If the unit is connected by wires without multi-pin connectors, label each wire in two
places, then cut or disconnect the wires between the labels so it will be easy to match
them up later.  If you run into a problem and can't remove the radio because of some
unidentified obstruction, E-mail me and I might be able to help if I know the year, make
and model of your car.  I would rather help you from here than get under there myself!
Installation:
Watch grounds and speaker polarity!

Installation is simply the reverse of the removal steps you took earlier.  Be VERY careful
to reconnect your speakers exactly the way they were connected before.  The negative
terminal on some speakers may be connected to chassis ground, and this wire MUST
NOTbe connected to a positive speaker connection on the radio, or you can blow it out.
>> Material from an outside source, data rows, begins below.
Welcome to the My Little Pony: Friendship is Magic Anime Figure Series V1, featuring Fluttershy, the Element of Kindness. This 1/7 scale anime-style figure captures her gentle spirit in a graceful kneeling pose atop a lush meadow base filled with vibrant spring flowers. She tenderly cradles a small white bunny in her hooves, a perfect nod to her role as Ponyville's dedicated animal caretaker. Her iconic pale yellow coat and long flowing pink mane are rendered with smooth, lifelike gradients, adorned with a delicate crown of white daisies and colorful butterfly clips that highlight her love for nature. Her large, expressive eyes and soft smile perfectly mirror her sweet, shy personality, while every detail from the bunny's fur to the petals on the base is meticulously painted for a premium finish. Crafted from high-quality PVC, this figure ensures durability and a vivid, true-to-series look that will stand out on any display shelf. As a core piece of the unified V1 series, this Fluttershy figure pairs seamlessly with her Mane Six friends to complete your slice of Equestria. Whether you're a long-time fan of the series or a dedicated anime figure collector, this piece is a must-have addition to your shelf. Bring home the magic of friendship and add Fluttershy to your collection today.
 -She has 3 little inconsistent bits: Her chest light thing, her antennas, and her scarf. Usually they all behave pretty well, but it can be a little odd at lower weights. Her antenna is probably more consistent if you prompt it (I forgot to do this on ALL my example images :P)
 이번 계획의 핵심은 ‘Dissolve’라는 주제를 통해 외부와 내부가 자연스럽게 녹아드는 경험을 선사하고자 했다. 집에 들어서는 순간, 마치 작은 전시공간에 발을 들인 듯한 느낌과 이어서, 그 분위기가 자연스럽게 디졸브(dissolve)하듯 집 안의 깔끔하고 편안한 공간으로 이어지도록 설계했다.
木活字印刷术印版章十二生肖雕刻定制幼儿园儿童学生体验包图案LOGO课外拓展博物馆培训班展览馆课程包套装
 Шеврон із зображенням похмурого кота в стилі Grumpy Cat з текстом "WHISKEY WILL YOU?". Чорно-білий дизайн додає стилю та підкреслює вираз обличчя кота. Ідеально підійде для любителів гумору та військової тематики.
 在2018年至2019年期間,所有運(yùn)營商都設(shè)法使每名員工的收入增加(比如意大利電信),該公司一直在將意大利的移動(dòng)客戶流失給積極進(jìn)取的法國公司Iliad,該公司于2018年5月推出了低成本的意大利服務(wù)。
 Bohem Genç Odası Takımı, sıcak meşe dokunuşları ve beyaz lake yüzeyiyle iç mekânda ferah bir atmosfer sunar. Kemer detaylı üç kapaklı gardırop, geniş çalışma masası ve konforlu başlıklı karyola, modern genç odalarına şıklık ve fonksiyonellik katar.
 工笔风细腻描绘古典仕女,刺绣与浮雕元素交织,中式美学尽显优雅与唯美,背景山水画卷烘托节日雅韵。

Another important point:  Though most older radio speaker outputs share a common
ground, this is NOT always the case!  Some radios require that all speaker connections
be completely isolated from each other AND the car and radio chassis.  If this is the case,
I will usually tag the radio with this warning.  But it is always safest to NEVER ground any
speaker connection.  If any should be grounded, this will be done automatically inside
the unit via the chassis and internal connections.  Better safe than sorry - right?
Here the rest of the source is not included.